* [Exercise goal] If an entry below holds a picture, skip the picture and copy everything else exactly.

* [Data under study]
........

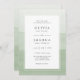 Sage Modern Wedding Tudo Em Um Convite. Este belo e elegante casamento verde sábio, tudo em um convite, apresenta um fundo ombre pintado a cores aquáticas com uma borda branca. A parte traseira do convite inclui o mesmo plano de mola de sábio com texto para adicionar os detalhes do seu casamento. Localize itens correspondentes na Coleção de Casamentos de Ângulo de Cor de Água do Sage.
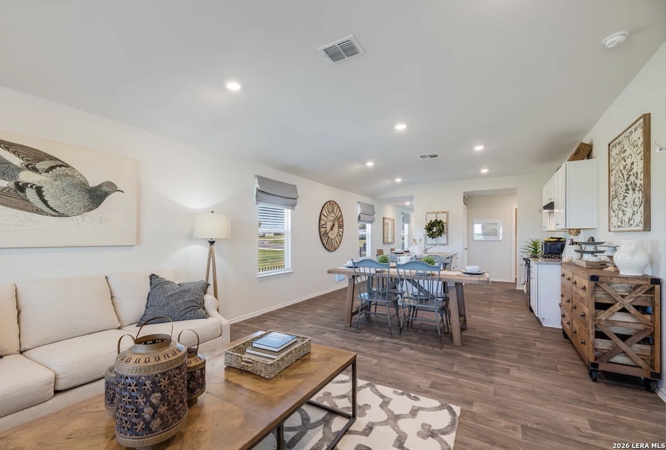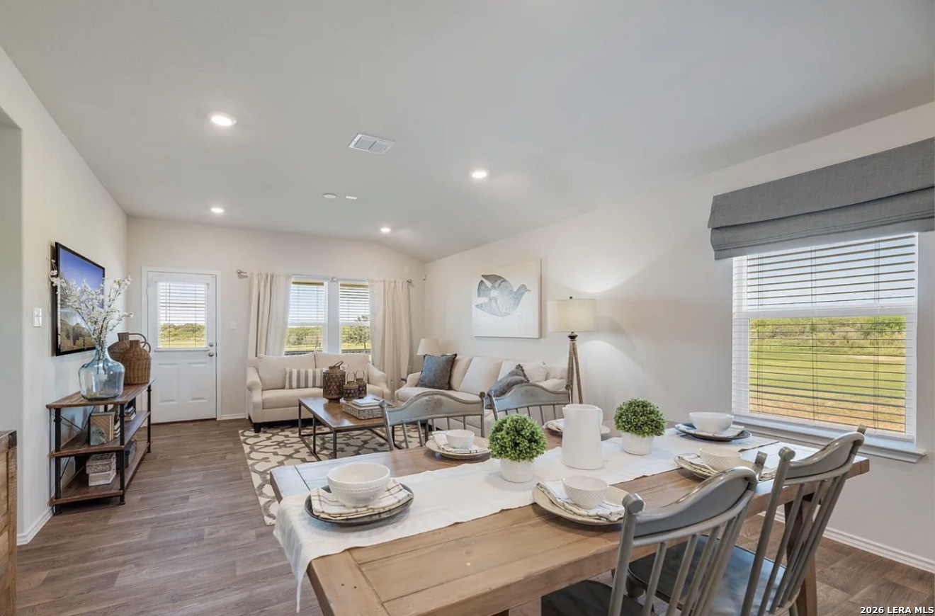 Beautiful Caroline one-story home featuring 3 bedrooms, 2 bathrooms, and a 2-car garage with a bright open-concept layout perfect for everyday living and entertaining. The inviting front patio leads into a gourmet kitchen with granite countertops, stainless steel appliances, and abundant cabinetry, flowing seamlessly into the dining and family rooms. conThe primary suite features a semi-vaulted ceiling and private ensuite bath, creating a comfortable retreat. Enjoy outdoor living with a covered rear patio (per plan) just off the family room. Additional features include durable vinyl flooring in the entry, living room, and wet areas, full yard landscaping with irrigation, and the HOME IS CONNECTED smart home package, allowing control of lights, thermostat, and locks directly from your phone. Buyer Advantage: This home is assumable potentially saving buyers hundreds per month compared to current mortgage rates. Flexible Opportunity: The home is also available for lease at $1,995/month while actively listed for sale, creating a great option for buyers who want to rent now and purchase later or investors seeking immediate rental potential. Homes with low assumable rates are extremely rare-schedule your showing today.
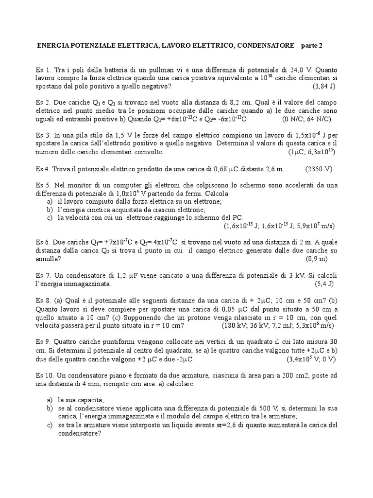 Esercizi Relativi A Campo Elettrico E Potenziale
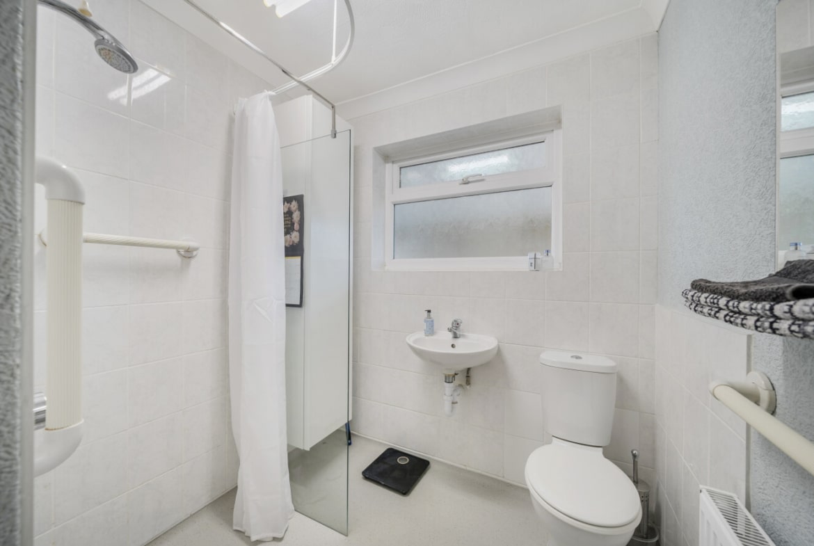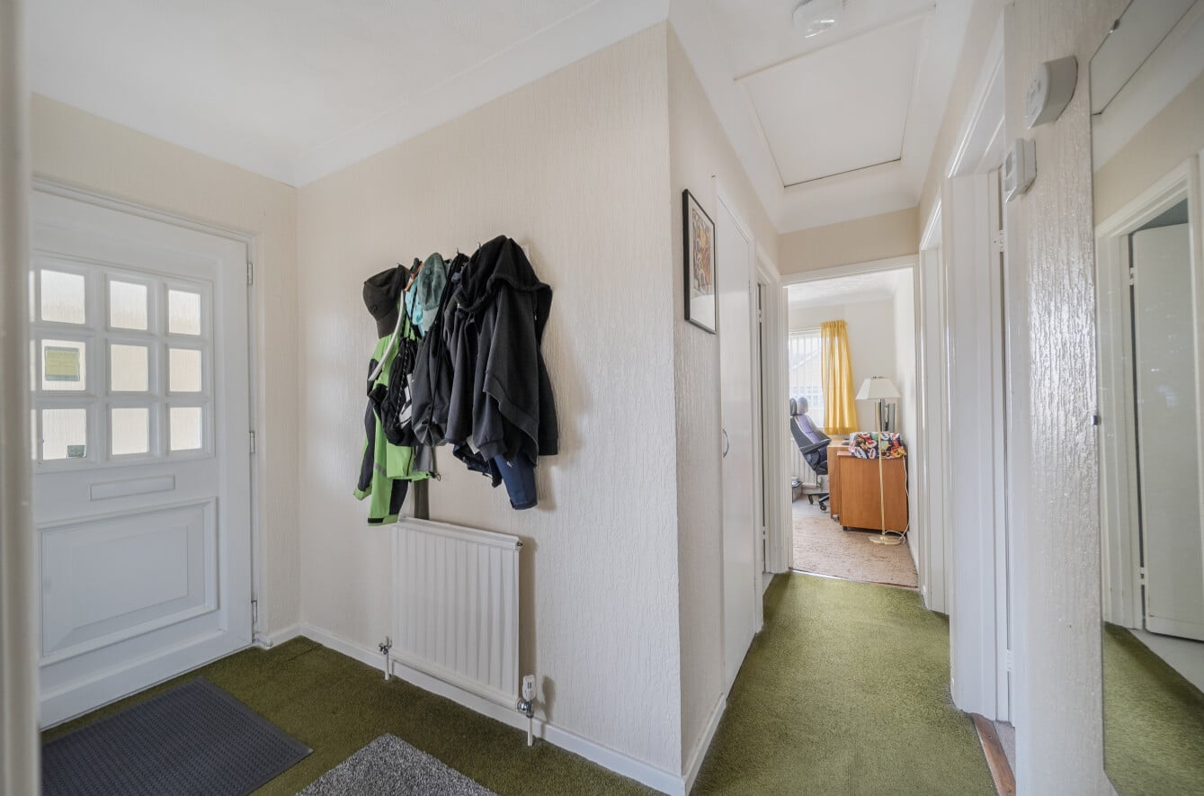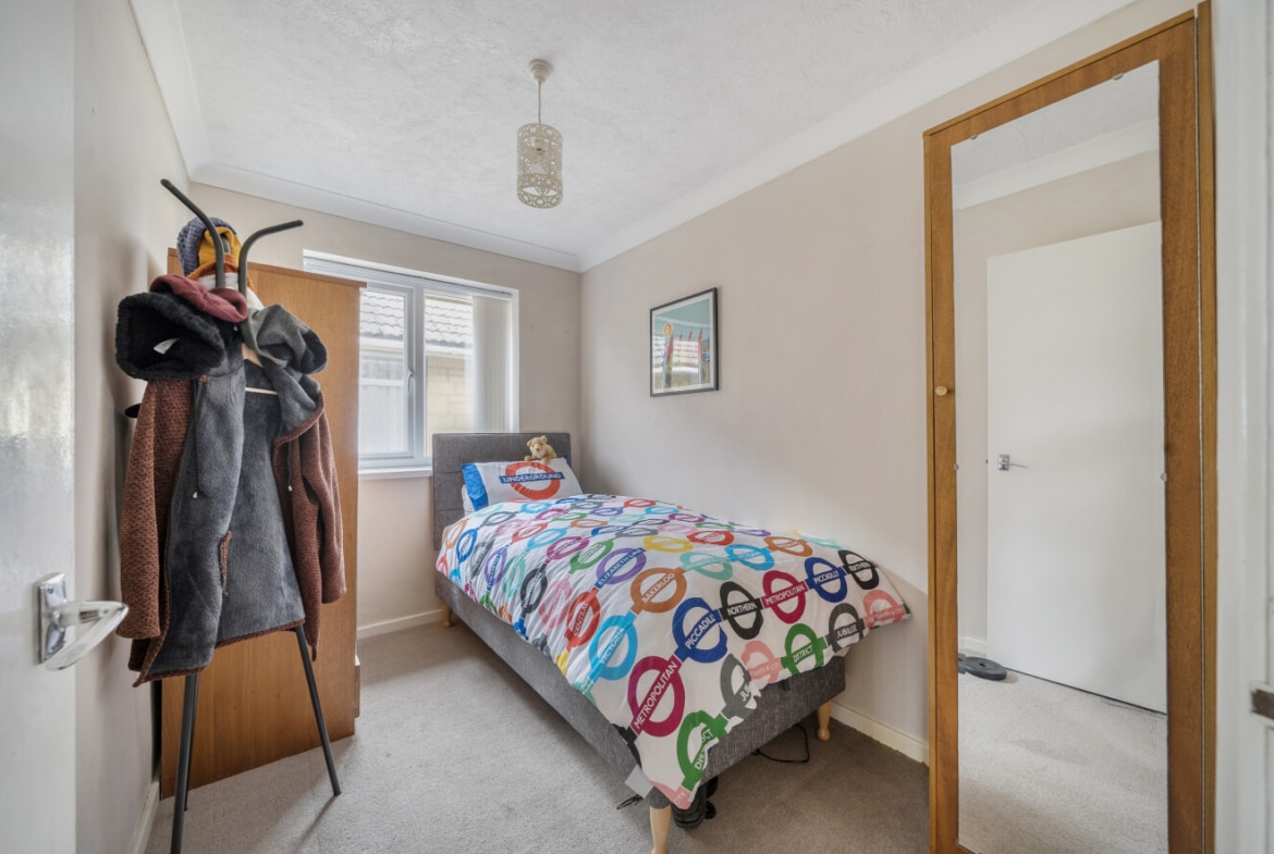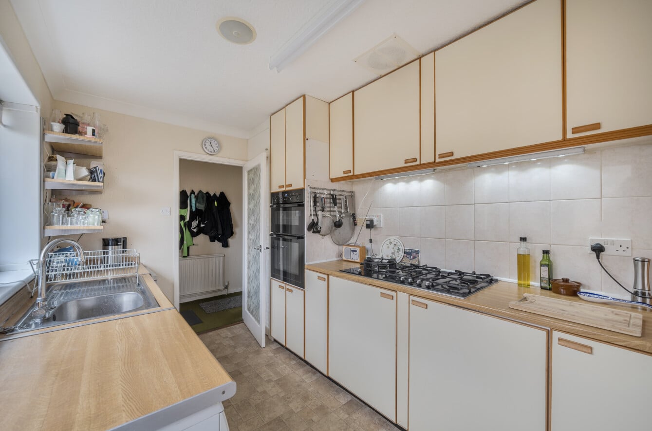 All three bedrooms are positioned at the front of the property, with the rear extended to create a larger-than-average living area and kitchen – perfect for modern family life or entertaining. The layout is versatile, with generous living space that opens onto a private garden featuring a well-kept lawn and plenty of potential for outdoor enjoyment.
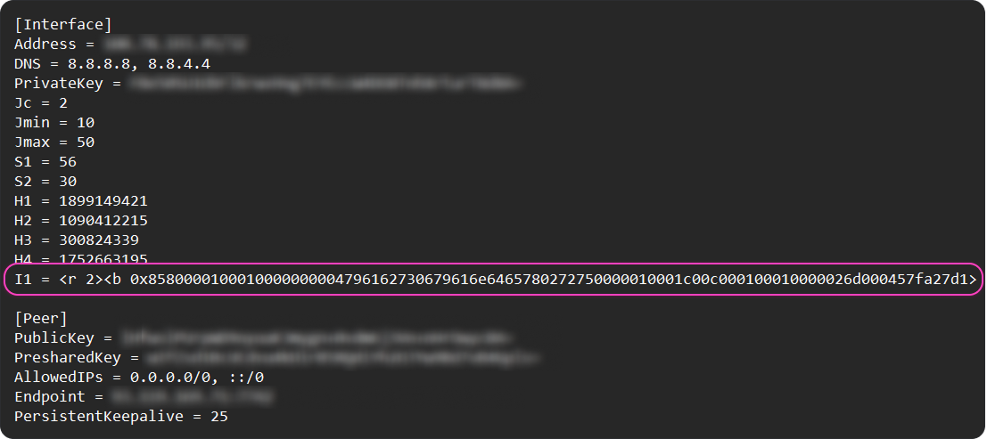 Если у вас есть файл конфигурации .conf для подключения по протоколу AmneziaWG 1.0 и вы хотите повысить устойчивость подключения к блокировкам, можно самостоятельно преобразовать его в формат AmneziaWG 1.5. Для этого достаточно добавить в файл параметр I1 — пакет маскировки трафика.
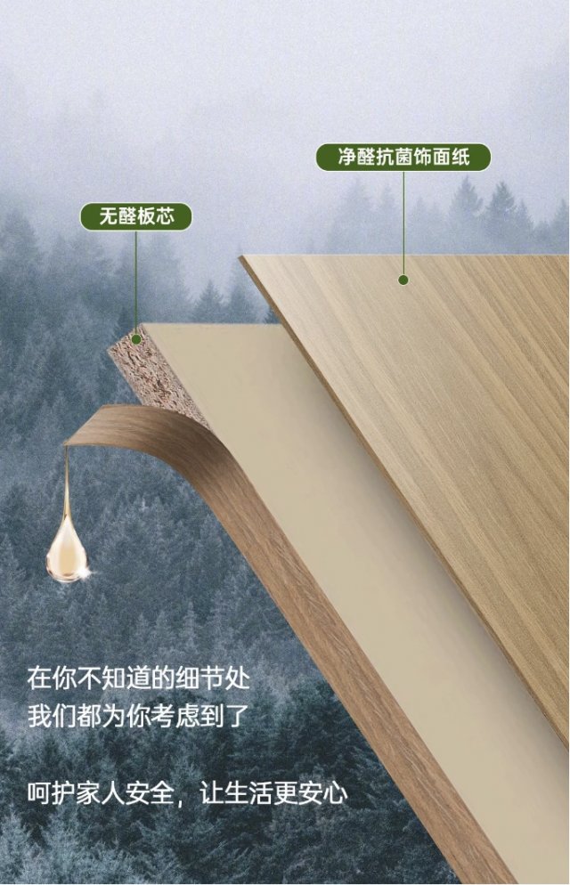 同时,太子家居在全屋整装上早早地就推出了无醛添加的安醛板。这种板材甲醛释放量为≤0.025mg/m³,达到国家ENF级环保标准。去年,升级后的安醛板3.0在板材表面再加一层纳米硅钛涂覆材料的饰面板,既有净醛抗菌功能又能起到吸附并分解空气中游离甲醛的作用,能够解决室内甲醛叠加污染的问题。可以说,选择太子家居这样的全屋整装公司,就是选择了一份放心。
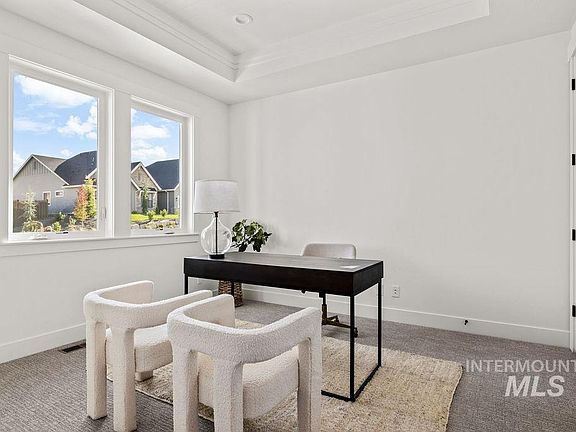 MOVE-IN-READY!! Full fencing and epoxy garage flooring is included! Welcome to the Emerald XL, where every space invites you to relax, entertain, and savor the beauty of the Boise foothills. Imagine mornings in your sunlit dining room with expansive views, while evenings flow effortlessly from a chef’s kitchen to a great room adorned with coffered ceilings, thoughtful built in shelves, wooden beams, and a grand stone fireplace. Each bedroom serves as a personal retreat with its own en-suite bath, giving everyone a place to unwind. The bonus room opens to an oversized covered patio, perfect for dining alfresco or cozy gatherings, all just steps from neighborhood trails, parks, and Cartwright Ranch’s inviting community pool and clubhouse.

........

* [Your response]
 Sage Modern Wedding Tudo Em Um Convite. Este belo e elegante casamento verde sábio, tudo em um convite, apresenta um fundo ombre pintado a cores aquáticas com uma borda branca. A parte traseira do convite inclui o mesmo plano de mola de sábio com texto para adicionar os detalhes do seu casamento. Localize itens correspondentes na Coleção de Casamentos de Ângulo de Cor de Água do Sage.
 Beautiful Caroline one-story home featuring 3 bedrooms, 2 bathrooms, and a 2-car garage with a bright open-concept layout perfect for everyday living and entertaining. The inviting front patio leads into a gourmet kitchen with granite countertops, stainless steel appliances, and abundant cabinetry, flowing seamlessly into the dining and family rooms. conThe primary suite features a semi-vaulted ceiling and private ensuite bath, creating a comfortable retreat. Enjoy outdoor living with a covered rear patio (per plan) just off the family room. Additional features include durable vinyl flooring in the entry, living room, and wet areas, full yard landscaping with irrigation, and the HOME IS CONNECTED smart home package, allowing control of lights, thermostat, and locks directly from your phone. Buyer Advantage: This home is assumable potentially saving buyers hundreds per month compared to current mortgage rates. Flexible Opportunity: The home is also available for lease at $1,995/month while actively listed for sale, creating a great option for buyers who want to rent now and purchase later or investors seeking immediate rental potential. Homes with low assumable rates are extremely rare-schedule your showing today.
 Esercizi Relativi A Campo Elettrico E Potenziale
 All three bedrooms are positioned at the front of the property, with the rear extended to create a larger-than-average living area and kitchen – perfect for modern family life or entertaining. The layout is versatile, with generous living space that opens onto a private garden featuring a well-kept lawn and plenty of potential for outdoor enjoyment.
 Если у вас есть файл конфигурации .conf для подключения по протоколу AmneziaWG 1.0 и вы хотите повысить устойчивость подключения к блокировкам, можно самостоятельно преобразовать его в формат AmneziaWG 1.5. Для этого достаточно добавить в файл параметр I1 — пакет маскировки трафика.
 同时,太子家居在全屋整装上早早地就推出了无醛添加的安醛板。这种板材甲醛释放量为≤0.025mg/m³,达到国家ENF级环保标准。去年,升级后的安醛板3.0在板材表面再加一层纳米硅钛涂覆材料的饰面板,既有净醛抗菌功能又能起到吸附并分解空气中游离甲醛的作用,能够解决室内甲醛叠加污染的问题。可以说,选择太子家居这样的全屋整装公司,就是选择了一份放心。
 MOVE-IN-READY!! Full fencing and epoxy garage flooring is included! Welcome to the Emerald XL, where every space invites you to relax, entertain, and savor the beauty of the Boise foothills. Imagine mornings in your sunlit dining room with expansive views, while evenings flow effortlessly from a chef’s kitchen to a great room adorned with coffered ceilings, thoughtful built in shelves, wooden beams, and a grand stone fireplace. Each bedroom serves as a personal retreat with its own en-suite bath, giving everyone a place to unwind. The bonus room opens to an oversized covered patio, perfect for dining alfresco or cozy gatherings, all just steps from neighborhood trails, parks, and Cartwright Ranch’s inviting community pool and clubhouse.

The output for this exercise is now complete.